Table 3 Error statistics for different networks on the ShapeNet dataset38.

Meanwhile, we also compared our completion network with different networks on ModelNet dataset37. For the ModelNet dataset, all the input incomplete point clouds are 614 sampling points, whilst the complete point clouds and the ground truth are 1024 sampling points. As shown in Fig. 10, the completion results of our proposed coarse-to-fine network are always regular and can maintain its symmetric parts, whilst the results using “Network2” and “Network3” may lead to some unexpected distortion (e.g., the margin of monitor and sofa, etc). We can also notice that the completion results of our proposed network will always contain less data noise, whilst the completion results using “Network1” and “Network4” will lead to a certain amount of artificial noise (e.g., around the legs of table and the back of bed). Figure 10a,h show the input incomplete point cloud and the corresponding ground truth respectively, from which we can see that the completion results obtained from our coarse-to-fine completion network (see Fig. 10g) are closer to the ground truth. The extensive experiments can also validate the effectiveness of our proposed point completion network for maintaining the overall shape and local details of the complete shapes. Table 4 gives the error statistics of the CD and EMD errors via different completion networks for different models listed in Fig. 10. The experiments show that the CD error and EMD error of our presented coarse-to-fine completion network are smaller than other existing networks on most of the point cloud models, such as, the repairing results of our two-stage point completion network have an average reduction of \(28.41\%\), \(26.57\%\), \(20.65\%\), and \(18.55\%\) in terms of CD error, comparing to PCN11, FoldingNet12, Atlas14, and CRN15, respectively; and also an average reduction of \(21.91\%\), \(19.59\%\), \(43.51\%\), and \(21.49\%\) in terms of EMD error, respectively. The completion results of our proposed network are always closer to that of the ground truth, which shows its technical superiority using our two-stage scheme.

Figure 10
figure 10

Comparisons of completion results via different methods on ModelNet dataset37: (a) input incomplete point cloud. (bf) Completion results of “Network1”, “Network2”, “Network3”, “Network4” and “Network5” respectively. (g) Completion results via our proposed network. (h) Ground truth.

Table 4 Error statistics for different networks on the ModelNet dataset37.

Conclusion

To effectively utilize the shape detail information of the input incomplete point cloud, we propose a coarse-to-fine completion network based on details compensation and structural enhancement of the underlying 3d shapes.
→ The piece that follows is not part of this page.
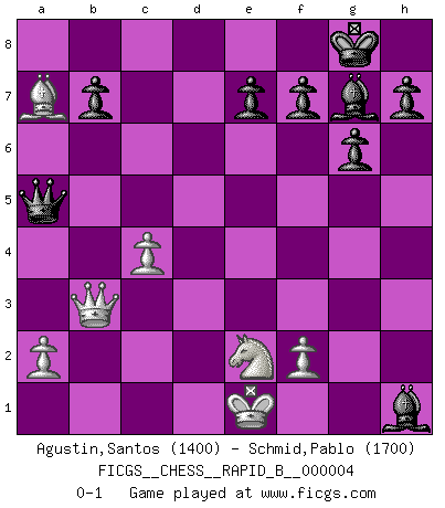 Last move : 0-1 2006 July 10 18:5:58 [Event "FICGS__CHESS__RAPID_B__000004"] [Site "FICGS"] [Date "2006.04.30"] [Round "1"] [White "Agustin,Santos"] [Black "Schmid,Pablo"] [Result "0-1"] [WhiteElo "1400"] [BlackElo "1700"] 1.d4 Nf6 2.Nf3 g6 3.c4 Bg7 4.Nc3 d5 5.cxd5 Nxd5 6.e4 Nxc3 7.bxc3 c5 8.Rb1 O-O 9.Bc4 Qc7 10.Qc2 Nd7 11.Be3 Nb6 12.Bd3 Rd8 13.O-O cxd4 14.Nxd4 Bd7 15.Qd2 Rac8 16.Ne2 Na4 17.c4 Nc5 18.Bf4 Qc6 19.Be3 Nxd3 20.Qxd3 Bf5 21.Qb3 Bxe4 22.Rbc1 Bxg2 23.Rfd1 Bh1 24.Kf1 Qg2+ 25.Ke1 Qxh2 26.Rxd8+ Rxd8 27.Rd1 Qc7 28.Rxd8+ Qxd8 29.Bxa7 Qa5+ 0-1 King's Indian : East Indian defense Kingside Castling by player Black (move 8) Kingside Castling by player White (move 13) Player Black won this chess game. Follow this game move after move (download)After a bad opening, there is hope for the middle game. After a bad middle game, there is hope for the endgame. But once you are in the endgame, the moment of truth has arrived. (Edmar Mednis) Ein Schachspiel besteht aus drei Phasen: Die erste, wenn du hofftst den Vorteil zu haben, die zweite, wenn du glaubst einen Vorteil zu haben, und die dritte.... wenn du weißt Du wirst verlieren. (Savielly Grigorievitsch Tartakower) Tu puedes aprender mucho mas de una partida que pierdas que de una partida ganada. Tendras que perder cientos de partidas antes de llegar a ser un buen jugador. (Jose Raul Capablanca) Les erreurs sont comme les malheurs, elles n'arrivent jamais seules. (Siegbert Tarrasch) Computers make it easier to do a lot of things, but most of the things they make it easier to do don't need to be done. (Andy Rooney)

The network consists of two stages for the task of point cloud completion. The coarse completion stage consists of two branches—shape structure recovery branch and local details compensation branch, where the input is the incomplete point cloud data and the output is a coarse recovered point cloud. The fine completion stage uses a self-attentive mechanism to learn the correlation between neighboring points and combines the coarse completion result with the original point cloud, resulting in a refined completion result with uniform distributed sampling points. Our point completion network is robust to different degrees of data incompleteness and model noise. The quantitative and qualitative results can validate the effectiveness of our coarse-to-fine completion network.

In the future, we could consider the lightweight completion network to achieve robust completion results for highly complex point cloud scene data.